In 1982, Bilbrey began announcing on the Grand Ole Opry, joining a long tradition of legendary Opry announcers, including George D. Hay, Grant Turner, Ralph Emery, and Hairl Hensley. When The Nashville Network (TNN) began televising a thirty-minute portion of the show in 1985, the young announcer became the first host of Grand Ole Opry Live. Bilbrey hosted Opry Live, along with the Opry warm-up show Backstage Live, until TNN stopped airing the show in 2000.

Bilbrey's affiliation with the Opry earned him additional opportunities in the world of country music television and radio. Starting in 1982, Bilbrey was the announcer for Ernest Tubb's Midnight Jamboree, a post that Bilbrey held until Tubb's death in 1984. Bilbrey was the announcer for CBS’s telecast of the Country Music Association Awards for three years, as well as the CMA’s 35th Anniversary Special. Bilbrey continues to announce the non-televised portion of the CMA Award Show. He also served as emcee for a variety of television specials, including TNN's Music City News Awards: An Evening of Country Greats, Honky-Tonkin’ at the Wildhorse (which featured Aaron Tippin and Marty Stuart) and the American Federation of Musicians 100th Anniversary Show. Bilbrey also played the role of historian for the A&E biographies of Buck Owens and Ronnie Milsap. In 2006, Bilbrey received the prestigious AIR Awards Lifetime Achievement Award.
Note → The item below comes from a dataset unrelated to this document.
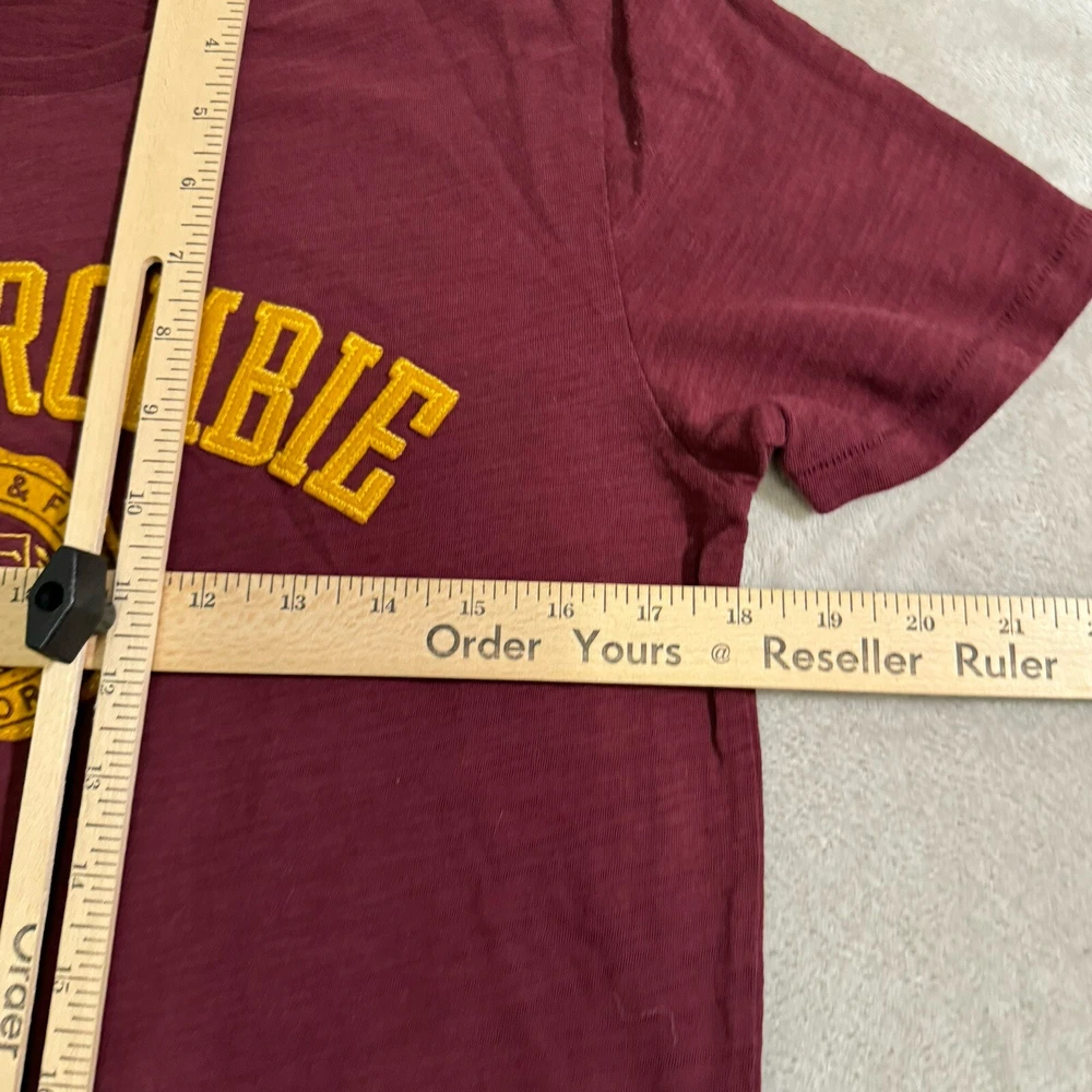 This Abercrombie & Fitch men's t-shirt is a must-have for any fashion-conscious individual. With its solid pattern, short sleeves, and crew neckline, it is perfect for any casual occasion. The maroon color adds a touch of class to the shirt, while the embroidered logo gives it a stylish accent. Made of cotton, this athletic fit t-shirt is comfortable to wear all year round, in any season. Its design is versatile, making it suitable for those who love designer, beach, dad, college, California, classic, or funny styles. This t-shirt is available in size small, and it is a regular fit.

== WSMV-TV and the Ralph Emery Show (1976–2000) ==
In addition to his career in country music, Bilbrey spent twenty-four years as an on-air personality for WSM-TV, NBC’s Nashville affiliate. Bilbrey served the majority of this period as the weatherman on the nation’s top-rated local morning show, The Ralph Emery Show, which featured live music and skits in addition to the traditional news, weather and sports.

== Leaving WSM ==
In March 2009, Bilbrey was let go from WSM and the Grand Ole Opry. The news drew a great deal of local coverage, including numerous articles in The Tennessean and daily stories on the local news affiliates. Angry fans circulated a petition that collected over 4,000 signatures. According to The Tennessean, the decision to release Bilbrey was simply a matter of cutting costs with advertising revenue slumping. At Bilbrey’s last Opry show, many performers dedicated songs to him, and Marty Stuart brought Bilbrey to the front of the stage for a final word with a standing ovation.

== Recent career ==
Bilbrey currently serves as the studio announcer for Huckabee, a TV political commentary program on TBN hosted by the Republican former governor of Arkansas Mike Huckabee. He is also currently the announcer and Larry's sidekick on Larry's Country Diner television series on RFD-TV (including live performances in Branson, Missouri), and co-hosts Nashville Country Cookin with his wife (Emy Joe) on the Rural TV Network. Additionally, he hosts a syndicated radio show, Classic Country Today. The weekly, two-hour program can be heard on approximately 175 stations nationwide. Bilbrey was inducted into the Tennessee Radio Hall of Fame in 2015, while pursuing a variety of business opportunities and writing his memoir. In 2012, Bilbrey was recognized by the Sigma Chi fraternity with the Significant Sig Award, presented to "those alumni members whose achievements in their fields of endeavor have brought honor and prestige to the name of Sigma Chi".